### Exercise directions
An exact transcription of all the records is required, minus the images.

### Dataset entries

---

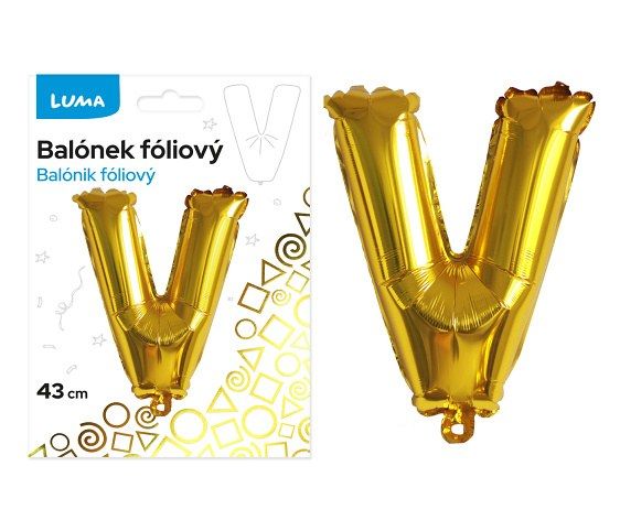 Balónek fóliový "V" ZLATÝ LUMA
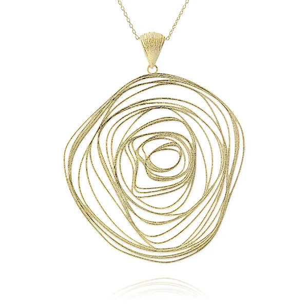 Curled medallion pendant with satin brushed finish, in 14K yellow gold. This large pendant’s fine organic circle shape creates a balance of statement and style, both grand and delicate. Medallion is 2″ in diameter, 24″ chain included.
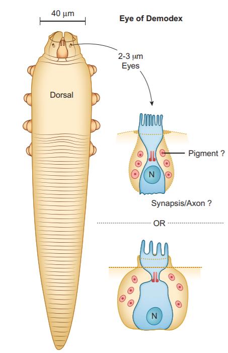 ▲毛囊蠕形螨的眼睛(图片来源:参考资料[2])
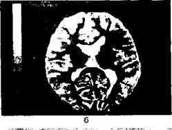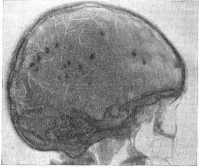 Рентгенологически в костях пальцев рук и ног определяются периостальные утолщения и центральные полости остеопороза. Описаны изменения в большеберцовой и малоберцовой костях. При рентгенографии черепа определяются множественные петрификаты небольших размеров, которые чаще всего локализуются в области III и боковых желудочков, но могут располагаться и в корковом веществе мозга, в мозжечке (рис. 4).
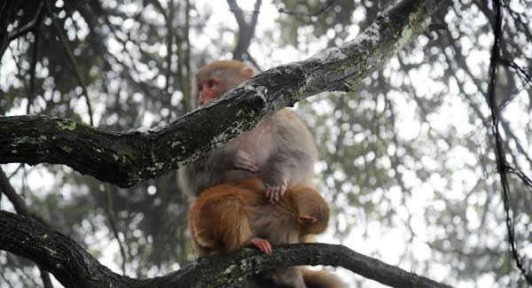 面對(duì)白雪紛飛的天氣,景區(qū)游道上原來(lái)常見的猴群突然不見了蹤影,這些可愛的獼猴去哪兒了?筆者在黃石寨景區(qū)經(jīng)過(guò)一番探究發(fā)現(xiàn),獼猴去處大致有三:一是在山峰懸崖石臺(tái)處避風(fēng)雪;二是在大樹樹枝上躲風(fēng)雪;三是在游道旁的雜草中找溫暖。那么,這些獼猴靠什么維持生存呢?主要是靠吃樹葉,另外到訪游人攜帶的食品常常成為獼猴爭(zhēng)奪的“獵物”。
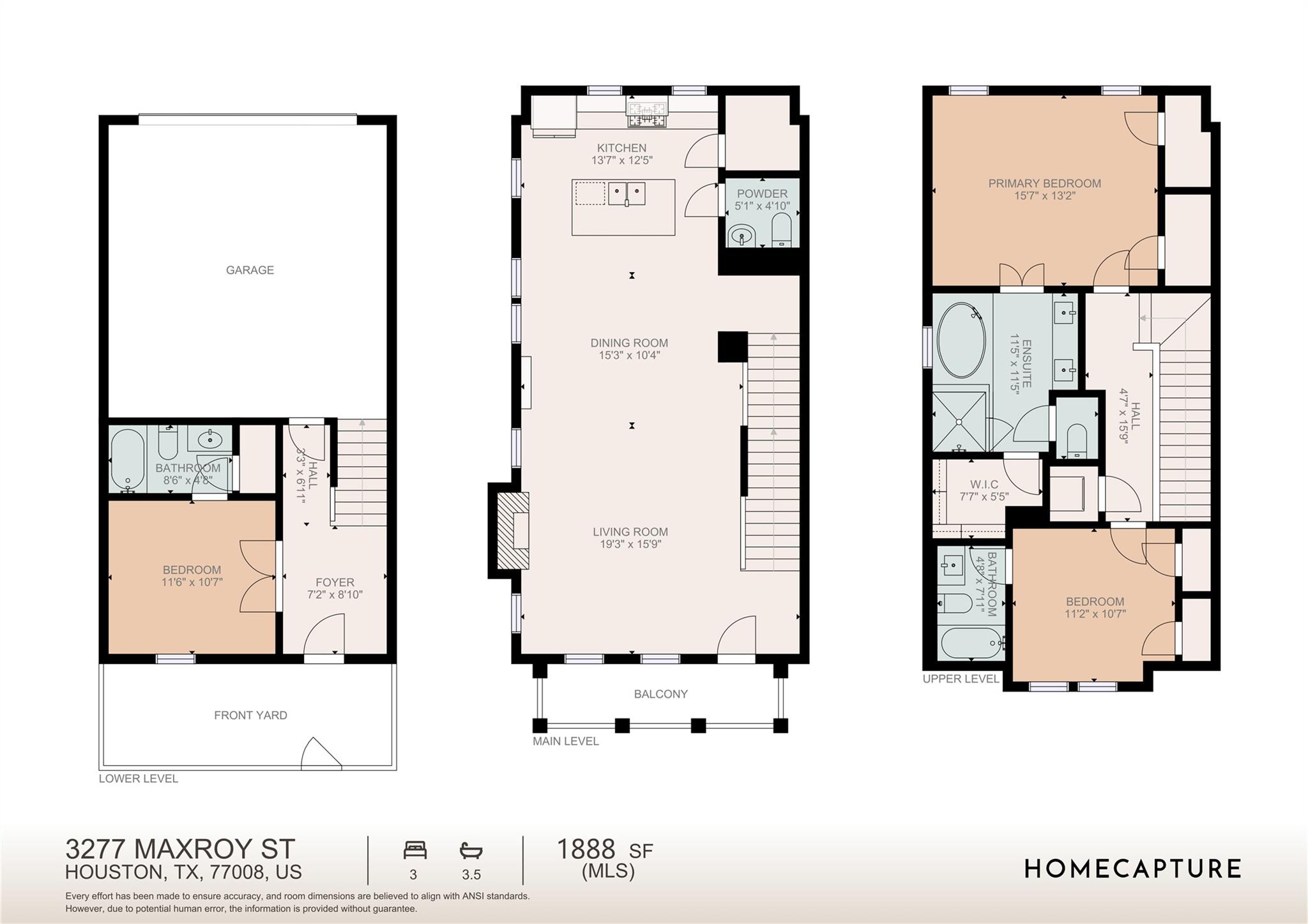 Third FloorPrimary Bedroom:15x13Bedroom:11x10
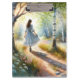Whimsical Girl Dancing Through Birch Forest Clipboard
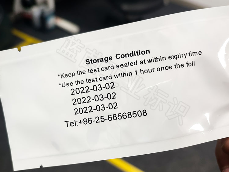 在光滑的鋁箔袋上面噴印,需要高附著、耐擦拭的墨水,UV墨水就可以很好的做到這點(diǎn),UV紫外固化技術(shù),讓墨水瞬間變干,從而形成高附著、清晰、耐擦拭的標(biāo)識(shí)。以下是某客戶在藍(lán)茵打樣的鋁箔袋UV噴碼機(jī)高附著高清噴印效果圖。藍(lán)茵UV噴碼機(jī)可高速穩(wěn)定生產(chǎn),每小時(shí)產(chǎn)量可達(dá)2W+片。
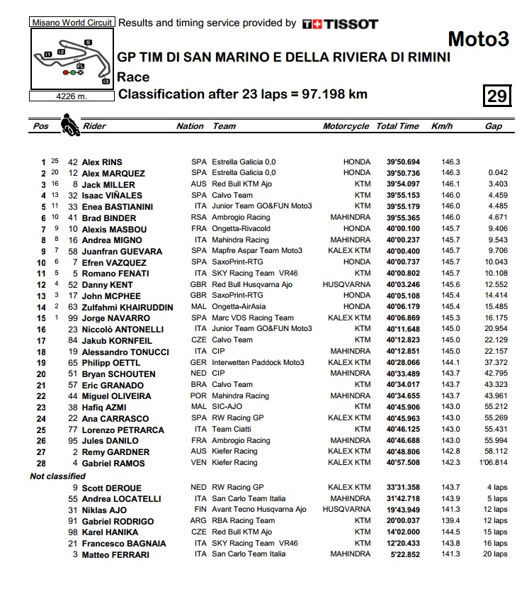 Klasa Moto3 najavljuje još jednu infarktnu završnicu sezone. Iako je ozlijedio obje noge na zagrijavanjima, Rins je došao do nove pobjede nakon što se cijelu utrku ponovo borio s timskom kolegom Alexom Marquezom, koji je kasnio samo 42 tisućinke sekunde. Treće je mjesto pripalo Milleru, koji sa svojim KTM-om ponovo nije mogao napasti vodeće Honde, ali je svejedno još uvijek na vrhu poretka, s tankih 9 bodova prednosti u odnosu na Marqueza i dostižnih 20 bodova u odnosu na Rinsa.
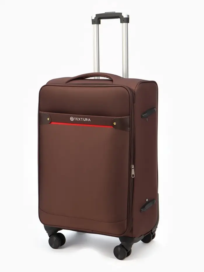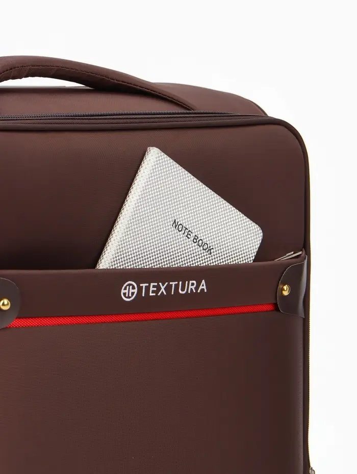 Чемодан на колёсах TEXTURA, кодовый замок, текстильный, с увеличением, 47×30×78 см, 28", коричневый
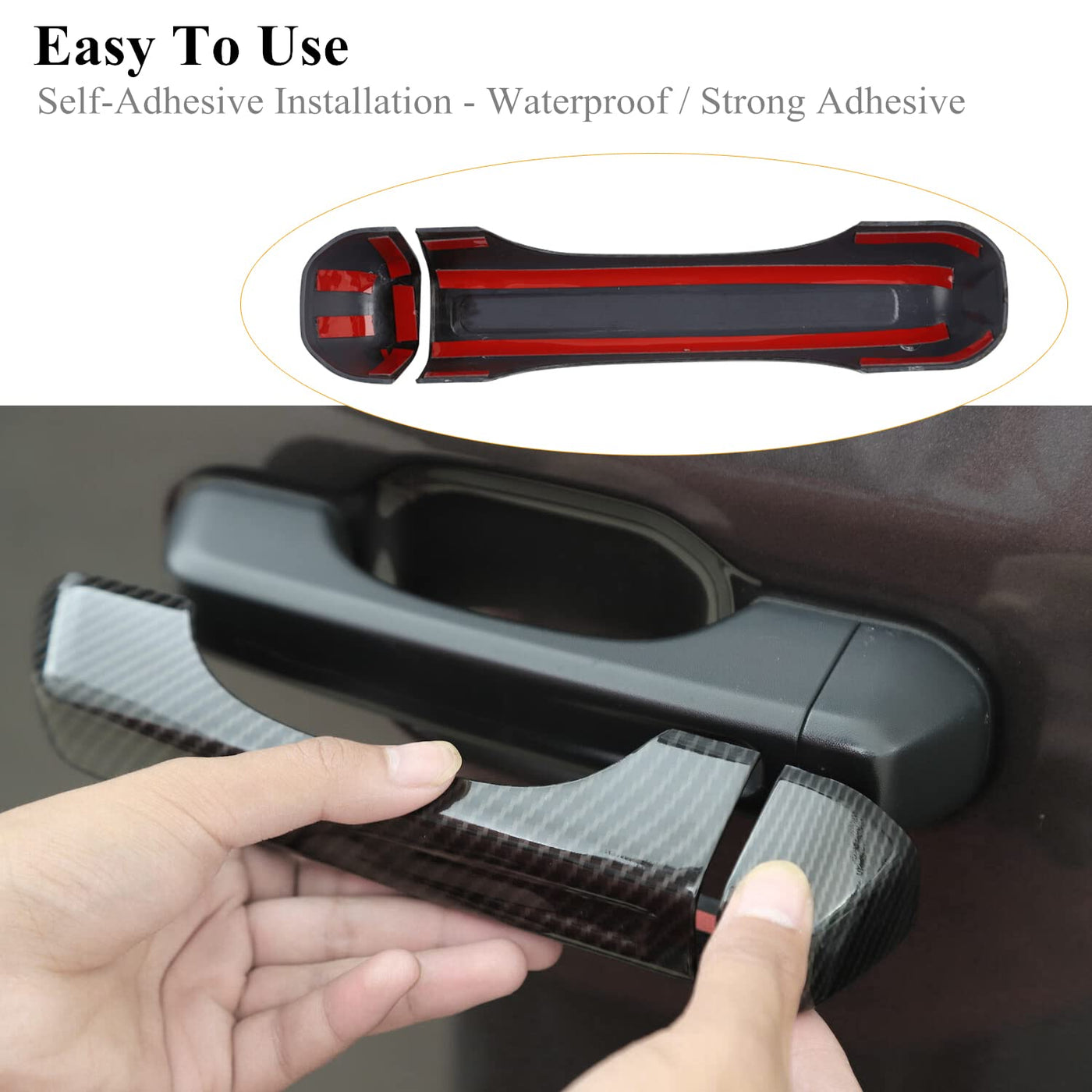 Q: How do I install the door handle cover?A: Installation is easy with the included 3M automotive-grade tape. Ensure the installation area is clean and dry, position the trim correctly, peel off the adhesive backing, and press firmly for secure adhesion.
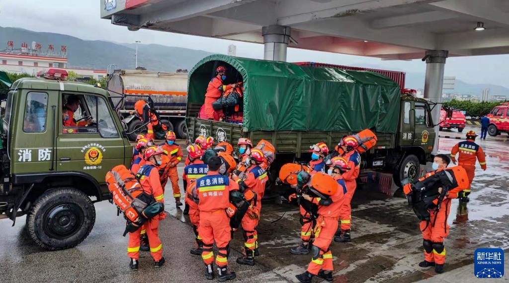 4月2日,消防救援人员赶赴现场。新华社发(云南省消防救援总队供图)
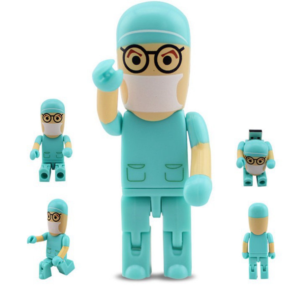 Novelty doctor shaped USB flash drive, 8GB real capacity,good choice for using or as gifts for surgeon nurse doctor. USB 2.0 connection,support Hot plug and Play.Fast speed in write/read transfer.No need to install any software. Store and transfer photos, videos, songs and other files between pc computers. Welcome your brand logo on it.
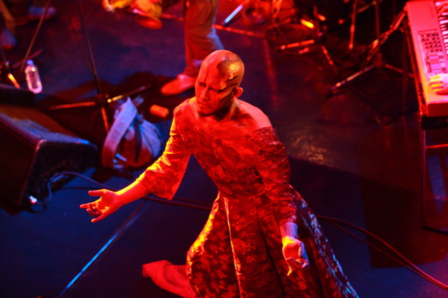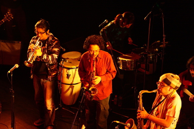 この日のギター、ベース、ドラム、キーボード、パーカッション編成によるセッションは、厳かな響きを鳴らし続けたかと思えば一転、スカ風の超昂揚的な演奏でフロアの人波を揺らし、その変化に富んだサウンドに合わせてパフォーマーも様々な動きでステージを彩る。この次はどうなるんだろう……??先の展開が予測不能で一瞬も見逃すことができないステージと、心と身体を踊らせるプリミティヴなグルーヴは、思わず瞑想状態になりそうなぐらい恍惚的な空間だった。
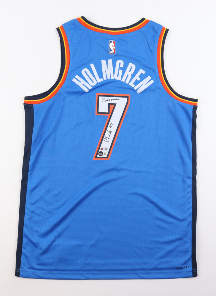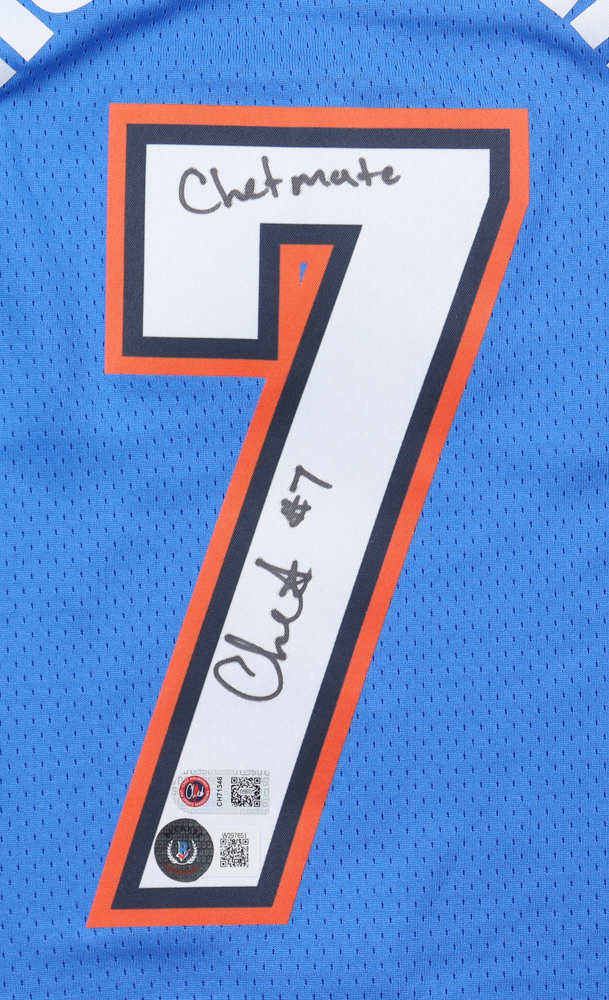 Chet Holmgren Signed Thunder Jersey Inscribed "Chetmate" (Beckett & Holmgren)
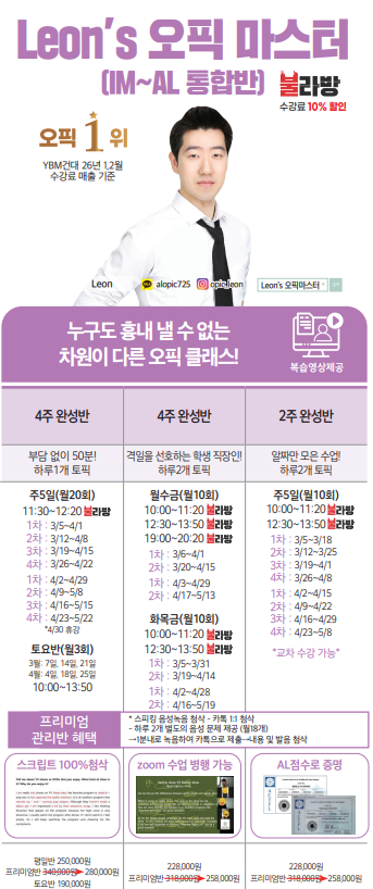 [YBM건대오픽] Leon's 오픽마스터 2026년 3월 시간표

---

### Answer to the problem
 Balónek fóliový "V" ZLATÝ LUMA
 Curled medallion pendant with satin brushed finish, in 14K yellow gold. This large pendant’s fine organic circle shape creates a balance of statement and style, both grand and delicate. Medallion is 2″ in diameter, 24″ chain included.
 ▲毛囊蠕形螨的眼睛(图片来源:参考资料[2])
 Рентгенологически в костях пальцев рук и ног определяются периостальные утолщения и центральные полости остеопороза. Описаны изменения в большеберцовой и малоберцовой костях. При рентгенографии черепа определяются множественные петрификаты небольших размеров, которые чаще всего локализуются в области III и боковых желудочков, но могут располагаться и в корковом веществе мозга, в мозжечке (рис. 4).
 面對(duì)白雪紛飛的天氣,景區(qū)游道上原來(lái)常見的猴群突然不見了蹤影,這些可愛的獼猴去哪兒了?筆者在黃石寨景區(qū)經(jīng)過(guò)一番探究發(fā)現(xiàn),獼猴去處大致有三:一是在山峰懸崖石臺(tái)處避風(fēng)雪;二是在大樹樹枝上躲風(fēng)雪;三是在游道旁的雜草中找溫暖。那么,這些獼猴靠什么維持生存呢?主要是靠吃樹葉,另外到訪游人攜帶的食品常常成為獼猴爭(zhēng)奪的“獵物”。
 Third FloorPrimary Bedroom:15x13Bedroom:11x10
Whimsical Girl Dancing Through Birch Forest Clipboard
 在光滑的鋁箔袋上面噴印,需要高附著、耐擦拭的墨水,UV墨水就可以很好的做到這點(diǎn),UV紫外固化技術(shù),讓墨水瞬間變干,從而形成高附著、清晰、耐擦拭的標(biāo)識(shí)。以下是某客戶在藍(lán)茵打樣的鋁箔袋UV噴碼機(jī)高附著高清噴印效果圖。藍(lán)茵UV噴碼機(jī)可高速穩(wěn)定生產(chǎn),每小時(shí)產(chǎn)量可達(dá)2W+片。
 Klasa Moto3 najavljuje još jednu infarktnu završnicu sezone. Iako je ozlijedio obje noge na zagrijavanjima, Rins je došao do nove pobjede nakon što se cijelu utrku ponovo borio s timskom kolegom Alexom Marquezom, koji je kasnio samo 42 tisućinke sekunde. Treće je mjesto pripalo Milleru, koji sa svojim KTM-om ponovo nije mogao napasti vodeće Honde, ali je svejedno još uvijek na vrhu poretka, s tankih 9 bodova prednosti u odnosu na Marqueza i dostižnih 20 bodova u odnosu na Rinsa.
 Чемодан на колёсах TEXTURA, кодовый замок, текстильный, с увеличением, 47×30×78 см, 28", коричневый
 Q: How do I install the door handle cover?A: Installation is easy with the included 3M automotive-grade tape. Ensure the installation area is clean and dry, position the trim correctly, peel off the adhesive backing, and press firmly for secure adhesion.
 4月2日,消防救援人员赶赴现场。新华社发(云南省消防救援总队供图)
 Novelty doctor shaped USB flash drive, 8GB real capacity,good choice for using or as gifts for surgeon nurse doctor. USB 2.0 connection,support Hot plug and Play.Fast speed in write/read transfer.No need to install any software. Store and transfer photos, videos, songs and other files between pc computers. Welcome your brand logo on it.
 この日のギター、ベース、ドラム、キーボード、パーカッション編成によるセッションは、厳かな響きを鳴らし続けたかと思えば一転、スカ風の超昂揚的な演奏でフロアの人波を揺らし、その変化に富んだサウンドに合わせてパフォーマーも様々な動きでステージを彩る。この次はどうなるんだろう……??先の展開が予測不能で一瞬も見逃すことができないステージと、心と身体を踊らせるプリミティヴなグルーヴは、思わず瞑想状態になりそうなぐらい恍惚的な空間だった。
 Chet Holmgren Signed Thunder Jersey Inscribed "Chetmate" (Beckett & Holmgren)
 [YBM건대오픽] Leon's 오픽마스터 2026년 3월 시간표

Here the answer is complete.